-------- The records --------

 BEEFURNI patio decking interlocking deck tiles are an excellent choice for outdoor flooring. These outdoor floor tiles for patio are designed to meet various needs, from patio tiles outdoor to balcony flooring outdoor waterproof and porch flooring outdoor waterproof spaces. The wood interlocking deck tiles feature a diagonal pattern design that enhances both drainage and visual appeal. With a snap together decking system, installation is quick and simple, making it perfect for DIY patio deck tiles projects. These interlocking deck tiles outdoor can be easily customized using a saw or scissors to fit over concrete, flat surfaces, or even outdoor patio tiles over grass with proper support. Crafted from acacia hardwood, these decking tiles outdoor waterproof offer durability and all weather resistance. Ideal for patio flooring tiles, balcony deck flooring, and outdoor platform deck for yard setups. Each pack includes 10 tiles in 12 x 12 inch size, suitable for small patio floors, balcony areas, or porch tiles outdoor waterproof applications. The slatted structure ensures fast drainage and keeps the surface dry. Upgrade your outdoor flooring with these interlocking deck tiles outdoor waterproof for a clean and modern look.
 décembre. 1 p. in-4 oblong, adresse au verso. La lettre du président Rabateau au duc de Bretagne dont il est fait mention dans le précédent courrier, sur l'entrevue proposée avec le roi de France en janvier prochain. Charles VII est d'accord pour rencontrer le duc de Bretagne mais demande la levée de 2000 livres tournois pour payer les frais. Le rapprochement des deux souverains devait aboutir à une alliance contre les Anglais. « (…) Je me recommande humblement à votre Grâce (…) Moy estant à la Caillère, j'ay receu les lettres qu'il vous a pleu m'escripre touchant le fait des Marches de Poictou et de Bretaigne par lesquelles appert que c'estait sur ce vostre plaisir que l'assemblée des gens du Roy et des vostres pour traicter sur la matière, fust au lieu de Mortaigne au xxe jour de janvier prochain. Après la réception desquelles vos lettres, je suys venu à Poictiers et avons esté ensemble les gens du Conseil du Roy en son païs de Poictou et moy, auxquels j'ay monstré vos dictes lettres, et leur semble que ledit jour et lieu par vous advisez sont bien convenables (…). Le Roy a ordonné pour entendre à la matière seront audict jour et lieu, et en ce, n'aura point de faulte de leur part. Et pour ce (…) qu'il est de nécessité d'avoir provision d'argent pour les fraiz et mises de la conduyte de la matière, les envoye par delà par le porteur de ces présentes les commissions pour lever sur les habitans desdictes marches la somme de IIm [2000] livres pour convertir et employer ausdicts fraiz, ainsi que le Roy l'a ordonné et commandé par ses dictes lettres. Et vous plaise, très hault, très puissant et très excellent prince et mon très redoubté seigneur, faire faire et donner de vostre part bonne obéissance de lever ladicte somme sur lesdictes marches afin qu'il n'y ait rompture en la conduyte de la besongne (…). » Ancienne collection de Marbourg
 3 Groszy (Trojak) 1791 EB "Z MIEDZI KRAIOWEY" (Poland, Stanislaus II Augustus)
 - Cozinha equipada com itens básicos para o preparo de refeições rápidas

--------
-------- The records --------

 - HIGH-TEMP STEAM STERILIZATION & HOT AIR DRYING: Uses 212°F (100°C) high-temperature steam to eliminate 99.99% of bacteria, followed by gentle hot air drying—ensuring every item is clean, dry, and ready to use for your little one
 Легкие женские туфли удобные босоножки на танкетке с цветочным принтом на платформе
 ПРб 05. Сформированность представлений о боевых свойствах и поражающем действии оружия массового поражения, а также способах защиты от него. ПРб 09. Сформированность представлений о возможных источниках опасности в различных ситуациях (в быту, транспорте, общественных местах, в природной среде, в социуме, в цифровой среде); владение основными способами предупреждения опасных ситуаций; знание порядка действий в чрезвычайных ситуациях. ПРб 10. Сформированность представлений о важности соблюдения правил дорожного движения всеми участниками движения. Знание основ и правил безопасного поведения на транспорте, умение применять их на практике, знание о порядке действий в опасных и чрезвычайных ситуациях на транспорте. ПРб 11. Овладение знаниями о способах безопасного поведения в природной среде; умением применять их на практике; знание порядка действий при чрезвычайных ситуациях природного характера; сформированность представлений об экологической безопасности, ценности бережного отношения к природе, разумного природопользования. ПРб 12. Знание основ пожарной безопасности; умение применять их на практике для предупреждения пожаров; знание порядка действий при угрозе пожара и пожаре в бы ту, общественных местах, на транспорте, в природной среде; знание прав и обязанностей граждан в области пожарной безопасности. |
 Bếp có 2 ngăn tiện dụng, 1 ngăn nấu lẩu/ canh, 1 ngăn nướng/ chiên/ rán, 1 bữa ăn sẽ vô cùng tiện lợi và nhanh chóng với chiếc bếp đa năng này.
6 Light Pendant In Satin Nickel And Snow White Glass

--------

Return only the stretch of the material above from the line holding "- HIGH-TEMP STEAM" through the line holding "Легкие женские туфли", copied exactly.

- [Solution for this problem]:
 - HIGH-TEMP STEAM STERILIZATION & HOT AIR DRYING: Uses 212°F (100°C) high-temperature steam to eliminate 99.99% of bacteria, followed by gentle hot air drying—ensuring every item is clean, dry, and ready to use for your little one
 Легкие женские туфли удобные босоножки на танкетке с цветочным принтом на платформе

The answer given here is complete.